If GM has $3.5 billion in cash to buy a financial institution, it seems like it should have paid back taxpayers first. After GM’s experience with GMAC, which left GM seeking a taxpayer bailout, you have to think the company and, in turn, the taxpayers would be better off if GM focused on making cars that people want to buy and stayed clear of repeating its effort to make high-risk car loans.

On the other hand, a course of action that gets the government out of the auto business as quickly as possible, and makes taxpayers as whole as possible, is probably the least objectionable. Though there are no guarantees that will happen, arguably that outcome is more likely if GM’s revenues and profits are higher.  And, according to auto industry analysts, the absence of a captive financing operation (GMAC, now called Ally Financial, is no longer part of GM) has hurt GM’s sales, especially in the “sub-prime” portion of the market.

The opening paragraph in the New York Times story on this topic yesterday went like this:

General Motors said Thursday that it had agreed to buy a financing company, AmeriCredit, for $3.5 billion so it can lease more vehicles and increase sales to consumers with lower credit ratings. 

According to that story, about 4 percent of GM’s sales go to sub-prime customers.  But GM’s sales could increase by as much as 20 percent if it “aggressively courts sub-prime buyers.”  Hmmm.  Haven’t we seen this movie before?  Is GM stealing a page from the Fannie/Freddie playbook? 
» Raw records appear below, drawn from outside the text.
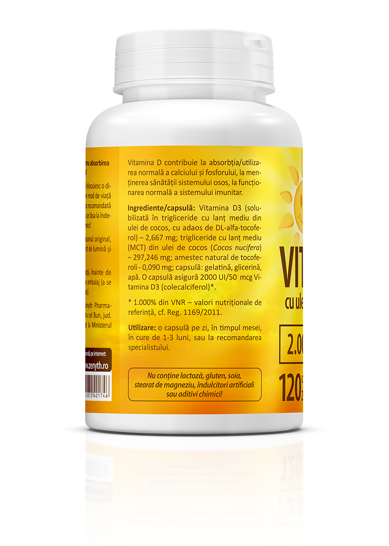 • One capsule contains 2000 IU vitamin D3.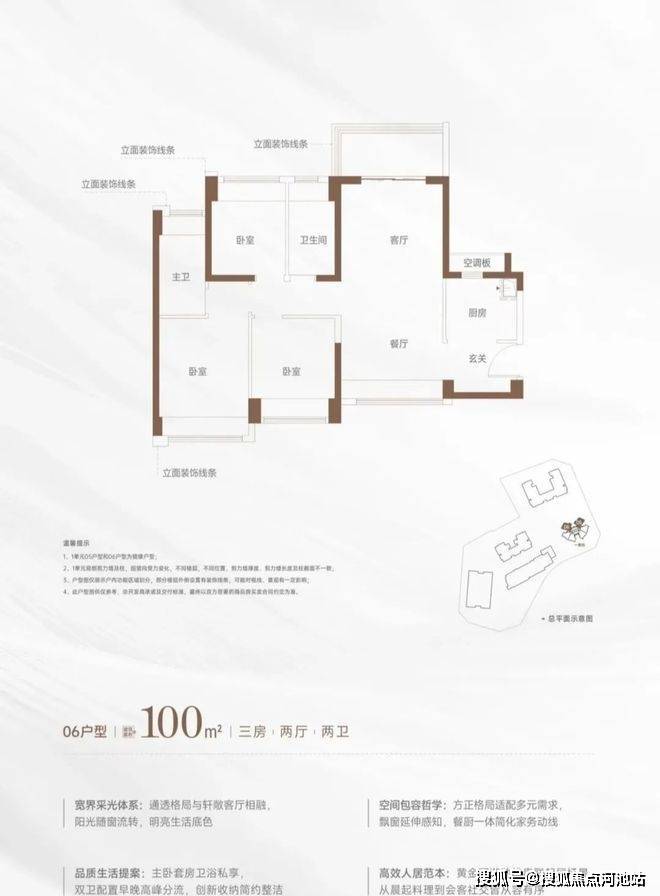 总规划1007户,其中可售商品房879套,全部3梯6户设计,停车位1000个(车位比1:0.99)。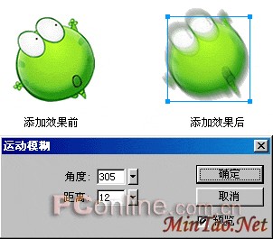 “运动模糊”也是Fireworks MX 2004中新添的特效功能。启用该特效时会弹出一个设置窗口。通过对其中相关数值的设置,将使图形对象产生直线型的运动模糊效果,如图12。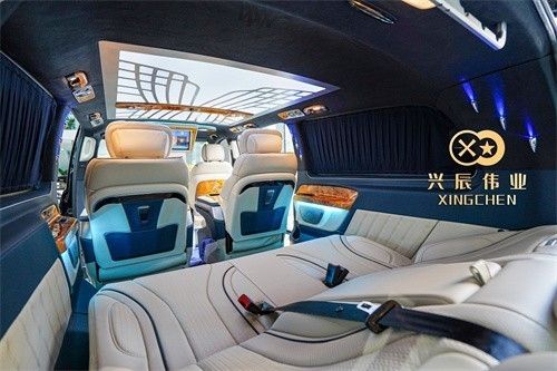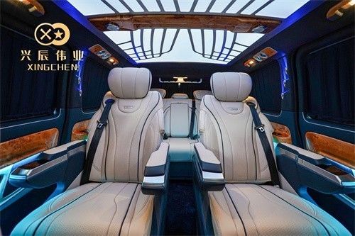 2022款奔驰威霆商务车内饰通过改装实现了满足商务接待、洽谈、出游等各种出行需求,全车真皮包覆质感十足,它的第二排的座椅也达到了飞机头等舱的标准。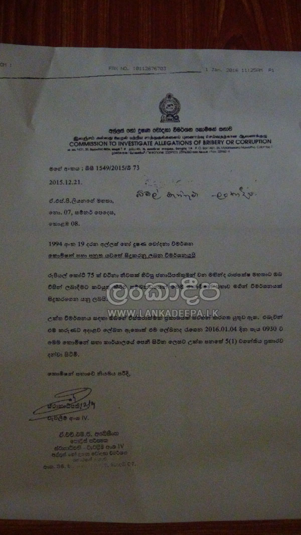 අල්ලස් හා දූෂණ කොමිසමේ කැඳවුමක් මත කොළඹ ඉඩම් ව්යාපාරික හා හිටපු තානාපතිවරයකු වූ ඒ.එස්.පී. ලියනගේ අද (4) ප්රකාශයක් ලබාදීමට එහි පැමිණියේය.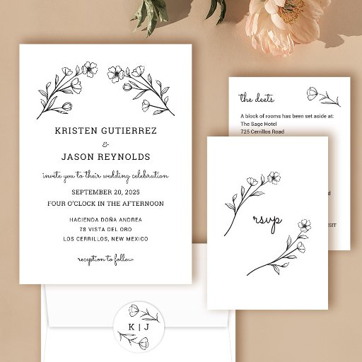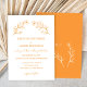 Eine einfache und süße Einladung zur Hochzeit. In atemberaubender orangefarbener Sonnenuntergangsfarbe können Sie handgezeichnete botanische Elemente bewundern. Sehen Sie sich die anderen passenden Artikel in der Wildblume Wedding-Kollektion an.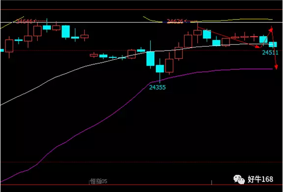 1小时K线级看,恒指昨日走出完美的深V反攻,触碰历史高位,今日早盘或将持续美指全线飘红和A股的惯性上冲,再上涨一波,但从昨日量能看,即使上攻,空间也非常有限,外加节前抛盘压,先扬后抑走势是大概。上午早盘可在24460附近做多,止盈于24580附近,止损于24430附近。若能上攻25630附近,则直接做空,止盈于24500附近,止损于于24650附近。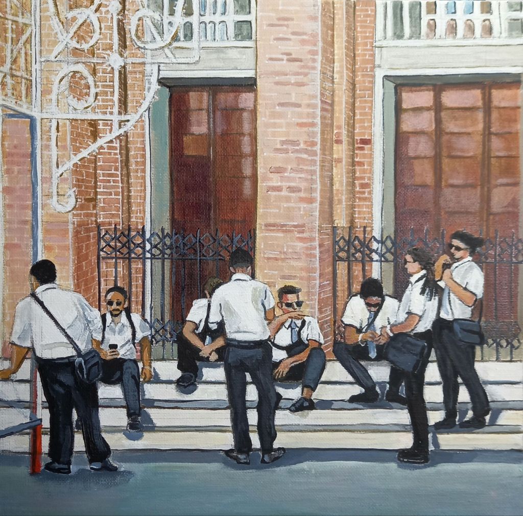 Having been bothered with the composition of the previous painting I bravely added a lady in a yellow dress to it……and then painted over her. At least I tried.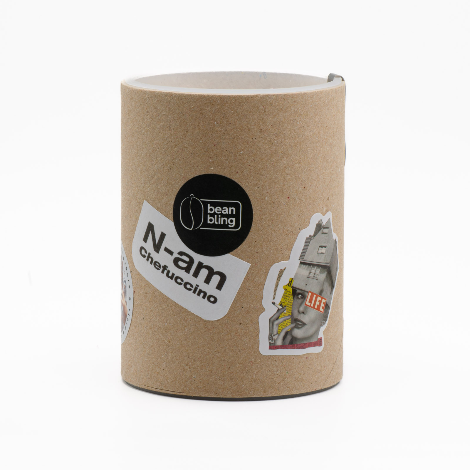 Ambalajul este format dintr-o cutie din carton reciclat în culoarea kraft, decorată cu stikere artsy și etichete BeanBling personalizate. În interior vei găsi un săculeț textil în care cana stă comod și în siguranță. În cană!? Bijuteria aleasă de tine și încă ceva...bun :) Poți reutiliza ambalajul ca și suport de pixuri la birou sau cutie pentru depozitat mici chestii.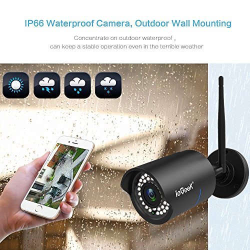 ieGeek Wifi Wireless Security Camera Outdoor IP Camera Home Surveillance System (720P HD, Night Vision, Motion Detect, Email Alert, Remote View Via Smart Phone/Tablet/PC, Up to 128GB Micro SD) Black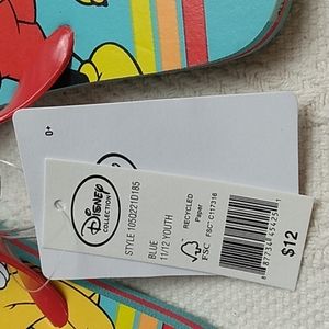 Disney Collection Mickey & Pluto Flip Flops Youth 11/12 Blue & Red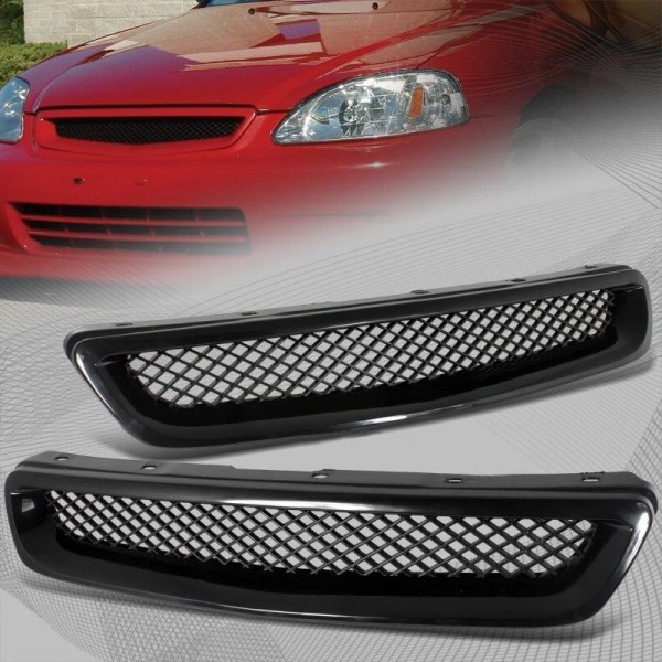WenQi Black Mesh ABS Front Hood Grille Grill For 1996-1998 Honda Civic EJ JDM Type R

Well, apparently Ford and Toyota and the other big auto producers rely on their own captive financing units to make their vehicles accessible to those who wouldn’t qualify for credit from third-party financers.  But at least those automakers have shareholders to discipline lending behavior that might lead to increased default rates.  They may be more risk-averse or at least risk-conscious than a company spending other people’s money, whose success happens to be in the Obama administration’s best interests.

So where does this leave free market proponents?  Arguably, in the same boat as the Obama administration, pulling for higher GM revenues and profits.  Without successful operations, re-privatizing GM will be very difficult.

Of course, the final indignity—the ultimate heads-they-win-tails-we-lose irony in the GM saga—is that if GM is eventually re-privatized and if the taxpayers are made whole, proponents of similar interventions in the future will have a “success” story to tout.